If the test fails, you will see output similar to the following:
onetwothreespaceHellospaceMottospace
Resolving the problem
Because of the IBM SDK's use of Java IO for text and font conversion, these transformation issues occur. The solution is to force the Java Virtual Machine (JVM) to use the Java NIO libraries for extracting text. Add this JVM argument to resolve the problem:
-Dibm.stream.nio=true
I am getting a MalformedInputException. How can I resolve this?
This exception does not alter the resulting string, which is output after the exception. Java IO is designed to throw exceptions when errors are reported. By switching to NIO, these exceptions would be caught and not reported to the log.

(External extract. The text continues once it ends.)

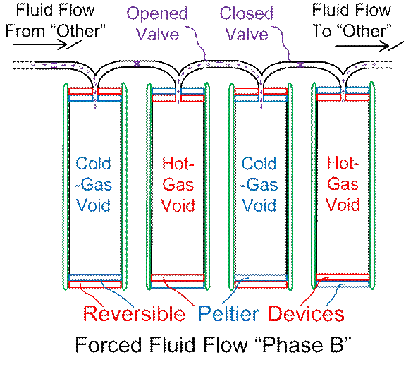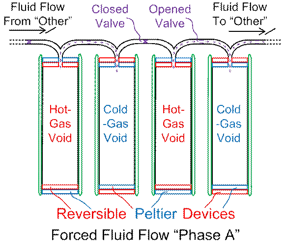 of another Peltier device touches the cavity-held gas. The hot side of the device interfaces to the
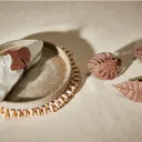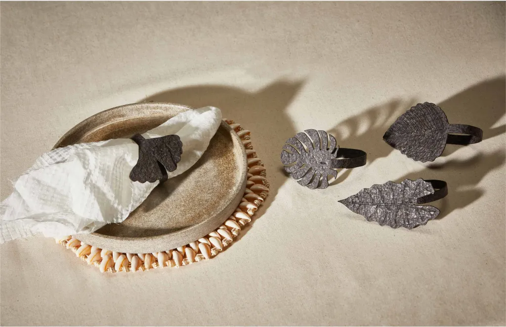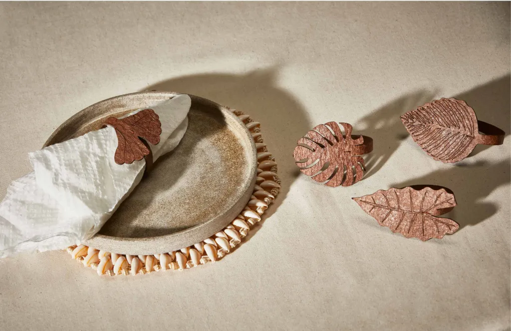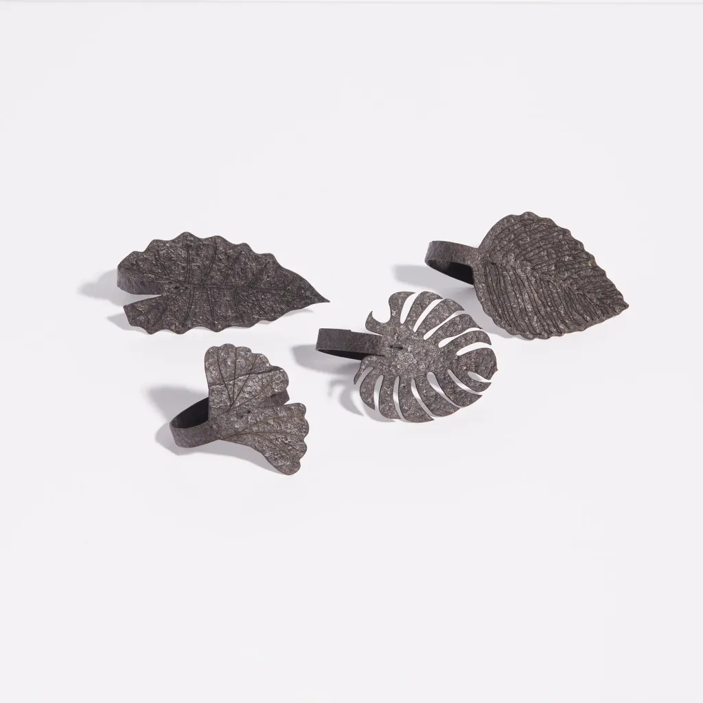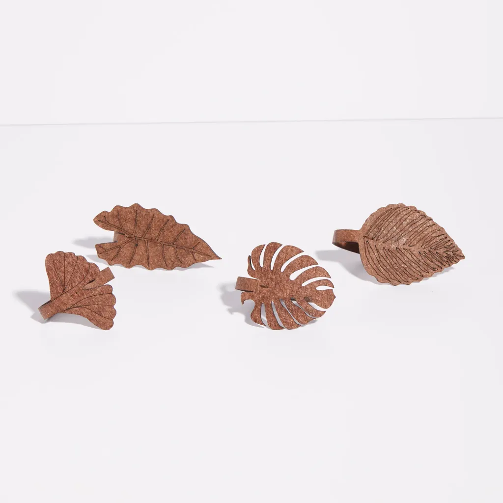 Leaf cut out napkin rings in a set of 4 features different distinctive shapes of philodendron, ash, monstera and ginkgo leaves. Handstitched together by leather artists.

You can resolve these errors by forcing NIO, but there is an alternative. Check the environment variable LANG to see if it set to UTF-8. It may read something like this:
# echo $LANG
en_US.UTF-8
Alter the variable and remove the .UTF-8 appended to the end of the string. From the command prompt on UNIX and Linux, you can type the following:
# export LANG=en_US
Alternatively, you can add this environment variable from the administration console.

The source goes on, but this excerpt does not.